Yang bisa Vanessa lakukan hanyalah terus memberi sugesti pada dirinya sendiri. Bahwa Haris tidak pantas ia tangisi, bahwa dirinya lengkap tanpa Haris, dan dirinya bisa melanjutkan hidup tanpa Haris.
“Kamu kenapa nggak makan dulu, sih, Gi?“
“Nggak mauu, nanti kelamaan, Kakk!“
“Astagaa, ya udah ayo makan dulu. Aku temenin!“
Samar-samar Nessa mendengar percakapan Haris dengan kekasihnya. Kalau Nessa tidak salah salah dengar, namanya Anggi. Siapapun itu, Nessa tahu pasti bahwa Anggi adalah seseorang yang tak akan pernah bisa ia kalahkan. Sebab usaha sekeras apapun rasanya tak akan pernah mengalahkan orang yang tepat di waktu yang tepat.
Nessa masih memandangi Haris dan Anggi yang menjauh. Serta bagaimana tangan keduanya bertautan, bagaimana Haris menukar posisi berjalan agar Anggi tetap aman, bagaimana Haris menjahili pujaan hatinya dengan mencengkram kepalanya gemas dengan satu tangan—Vanessa mengerti sekarang. Haris jelas menemukan peran yang harus ia isi dalam hidup Anggi. Peran yang Haris bilang, tak akan pernah ia temukan dalam hidup Vanessa.

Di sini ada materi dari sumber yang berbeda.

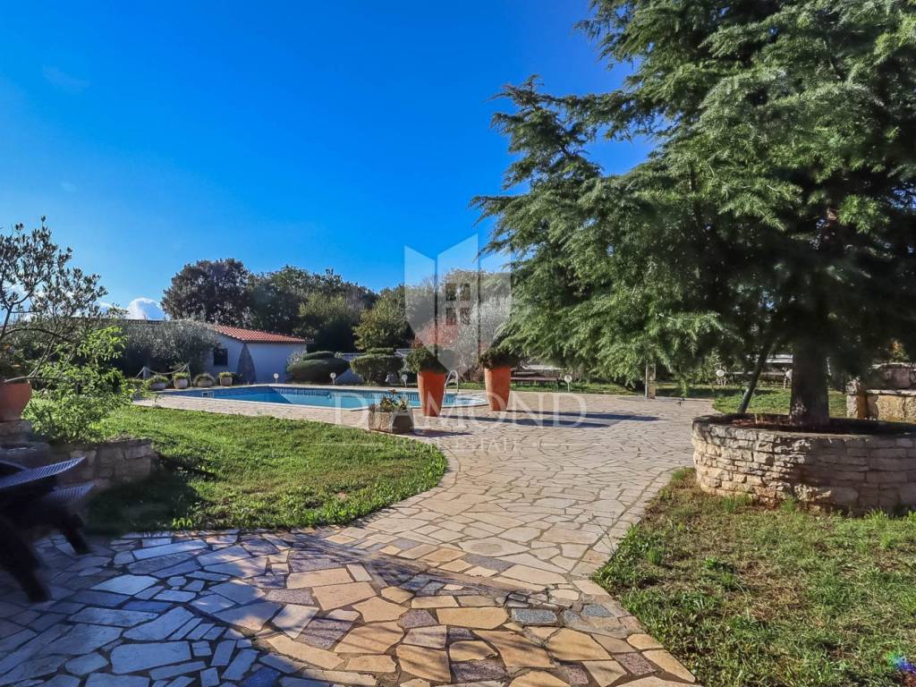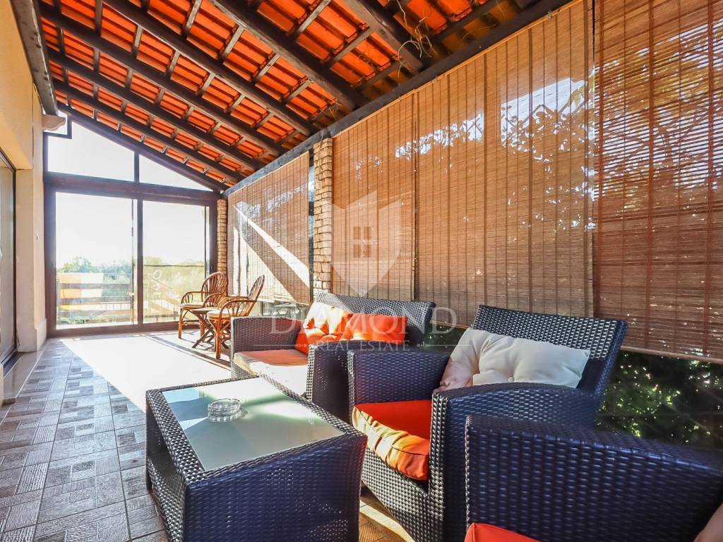 On the plot of 2118 m2 there is a spacious house and an auxiliary building. The house itself consists of three floors, where in the basement there is a tavern, a kitchen, an atomic shelter and two more storage rooms. On the ground floor there is a large apartment with a kitchen and dining room, a living room with access to the terrace and a staircase that leads to the first floor where there are three more bedrooms, while a separate hallway and staircase leads to the second part of the first floor where there are two more bedrooms. rooms and one smaller area where there is video surveillance and an exit to the loggia. From this largest apartment, it is possible to access one apartment on the ground floor, which consists of a bedroom and an open space living room with a kitchen and dining room and a bathroom. On the ground floor there is another apartment with a similar layout. There are two more residential units in the auxiliary building, which is located twenty meters away from the house. The yard is spacious and green, where there is also a swimming pool with a sunbathing area and a barbecue.
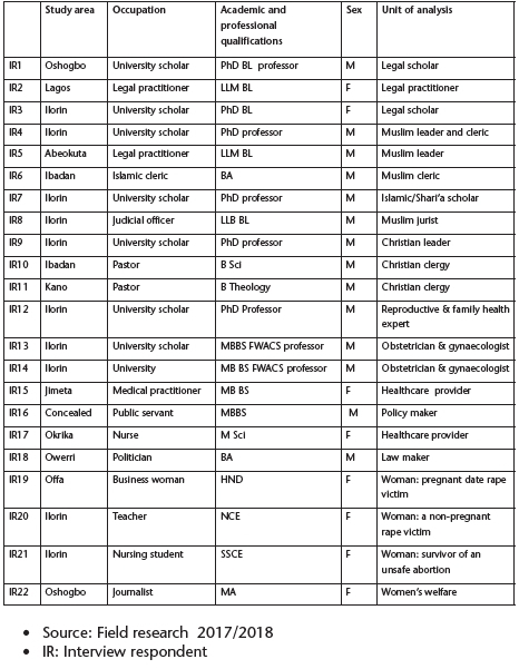 The 22 participants interviewed for this study were chosen from five main groups. The first group consists of medical doctors, academics, and other healthcare providers: two professors that are also senior consultant gynaecologists and obstetricians (IRs 13-14) and a professor of reproductive and family health (IR12). These were selected as they engage with rape victims and women with unwanted pregnancies. Most of them were selected also because they have qualifications that could draw those in need of abortion services to them. The second group consists of lawyers: legal scholars that have carried out extensive research on the focus of the present study (IRs 1, 3 and 7); a private legal practitioner (IR2); and a Muslim Shari'a jurist (IR8). The third group consists of a policy and law maker: a public servant in the health sector (IR16) and a lawmaker (IR18). They were chosen because of their impact on law and policy making. The fourth group comprises religious clerics or leaders of the Islamic faith (IRs 4-6) and of the Christian faith (IRs 9-11). These were selected, considering the religious perspectives on the focus of this study, and influence of religion on public sentiments on the issues in Nigeria. The fifth group comprises women who are believed to have been or suspected of having been victims of rape or had cause to seek or undergo abortion (IRs 19-21). Their inclusion in the study is indispensable as the study concerns them.

Mungkin Haris benar, Vanessa harusnya meninggalkan Haris sejak lulus SMP. Sebab pemuda itu pun benar-benar melakukannya. Hari ini Vanessa resmi menyerah. Ia benar-benar bertekad untuk meninggalkan Haris di tempatnya berdiri, dan tak lagi membawa memori perihal pemuda itu di dalam hati dan pikirannya.
Pun, Nessa mengucapkan selamat pada seseorang yang berhasil memenangkan hati Haris— . . . . . . . —yang tak akan pernah menjadi miliknya. Sampai kapanpun.